Wheels ups are rarer at CIA headquarters in Langley, Va., though celebrations were reported when Ronald Reagan defeated Jimmy Carter in 1980; but as a number of senior officers in the Agency actually had a hand in that development, there was probably a measure of self-congratulation at a job well done.
One might well imagine that the partying began at Langley shortly after the polls closed last Tuesday, as soon as it became clear that there would be a GOP Senate majority. More to the point, Sen. Dianne Feinstein would be performing her own wheels up, relinquishing her position as Select Committee on Intelligence (SSCI) chair to be replaced by the little known Richard Burr of North Carolina. Burr is regarded by the Agency as a good friend, someone who had already staked out a position in favor of protecting government secrecy, stating “I personally don’t believe that anything that goes on in the intelligence committee should ever be discussed publicly.” He also basically supports the CIA position that torture produced information critical to the killing of Osama bin Laden, commenting that “The information that eventually led us to this compound was the direct result of enhanced interrogations…” Burr is regarded as a right-wing conservative and has earned the ultimate accolade of a zero rating from the American Civil Liberties Union.

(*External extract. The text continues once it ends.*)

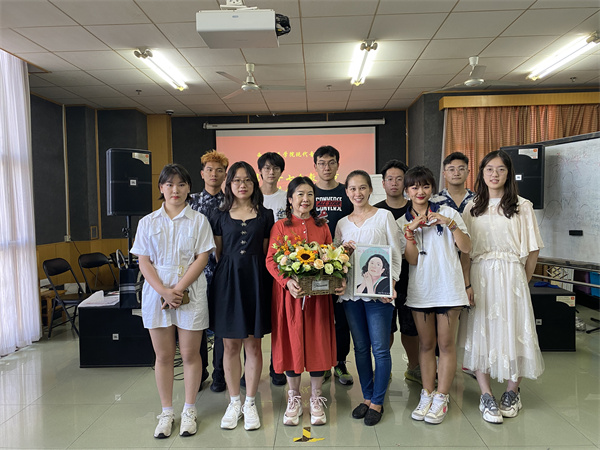 彭媛娣老师作为退休教师代表,向学生们讲述了在学校一路走来的教学历程,并关切的询问学生们的学习生活情况。马锡老师代表学院为彭老师送上鲜花,对老教师为学院建设发展做出的贡献表示感谢,数字媒体专业学生徐云迪为彭老师制作电脑绘图肖像画,作为教师节礼物,并祝福老教师身体健康,希望他们继续关心和支持学院的建设和发展。

Now some might argue that Feinstein herself did her best to preserve the executive branch’s right to assassinate Americans overseas, to spy secretly, set up black site prisons and to engage in other activities that are best not discussed in polite company. Many of these activities were carried out by the CIA, but Feinstein did draw the line at torture, which is one of the few illegal acts that the Obama administration credibly claims to be against, placing Feinstein on safe ground bureaucratically speaking. She only turned against the Agency when she learned that it had had the temerity to spy on the activity of her own committee.
In a recent speech made before the midterms, election Director of National Intelligence, James Clapper expressed his confidence that congressional moves to rein in National Security Agency spying had pretty much lost momentum. With Republicans now firmly in charge, remaining watered down measures are likely to die in committee.